CENTRISM! THE STORY OF CENTRISM
Sorry, one last Jon Huntsman post and then I'll stop.
I'm over at Balloon Juice (this week only), and I see that Anne Laurie thinks Huntsman is really running to be the 2016 GOP nominee. A lot of people believe that, obviously.
I don't, though -- at least I don't think the idea of the Huntsman candidacy was cooked up with 2016 in mind. We know the origin story, as told by Matt Bai and others: the Huntsman campaign was the brainchild of John Weaver, who worked for John McCain in 2000 when McCain was still a "maverick," then joined the '08 McCain campaign but later left it, grumbling that McCain's had turned too far to the right.

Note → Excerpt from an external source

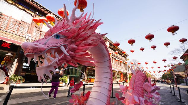 云南省昆明市商圈里摆放的龙年艺术装置,过年氛围感十足。中新社

So it seems to me that the guy who really wants it -- really wants a "centrist"/"maverick" to win it all -- is John Weaver. And if that's the case, I bet he doesn't really want it five years in the future -- he wants it now. The fact that he's a leukemia survivor makes that seem more likely.
Bai:
I first met Weaver ... aboard John McCain's Straight Talk Express in 2000.... After the campaign, Weaver's journey became downright weird. Embittered by George W. Bush's victory and shut out in Rove's Washington, he moved to New York and shocked old friends by agreeing to help some Democrats (including the party’s leadership in the House and Senate).... Weaver soon had bigger problems; he had leukemia, which is now in remission.... Weaver reinsinuated himself into McCain’s inner circle for a time in 2007. But he left the struggling campaign that summer.... Weaver ... had problems with the strategic direction of McCain's second campaign, the hard and bumpy lurch to the right....
Political strategists are forever in search of the next big thing, some undiscovered talent who might someday be enshrined in marble — or at least make them household names the way Bush did for Rove or the way Obama did for David Axelrod. It was during his second go-around with McCain that Weaver met Governor Huntsman....
So here's Weaver: In 2000 he backs McCain, whom he sees as an inspiring non-ideologue, and the campaign loses as a result of Rovian skulduggery. Eight years later, McCain tacks right -- and loses. Weaver must be thinking: It's not my idea that's wrong, it's just that it's never been tested in the right circumstances. Someday -- someday! -- if all the ducks line up in a row, surely it has to work.
I think Weaver just can't believe that a "centrist" isn't going to win the GOP nomination eventually (and then maverick his way to the White House). It's what the people want!
Except he can't believe that it's not what Republicans want. For a generation there's been talk of Great Centrist Hopes in the party -- yet nothing ever pans out. Remember the talk about Colin Powell as the nominee in '96? Remember chatter about Christie Whitman? One right-wing pundit here in New York used to regularly predict that the next GOP nominee would be pro-gay, pro-choice Massachusetts governor William Weld (as it turned out, Weld couldn't even get approved by a Senate his own party controlled when Bill Clinton named him an ambassador).
Weaver really just may not be able to grasp that the deck is stacked against him. It reminds me of one of those hard-luck rock and roll stories in which a band never gets a break, but the members keep thinking the karma's going to balance out eventually, even as they turn 40, 45, 50.... It reminds me of the heart-tugging heavy metal documentary Anvil! The Story of Anvil.
I think Weaver thinks his break is coming now. If so, poor dumb bastard.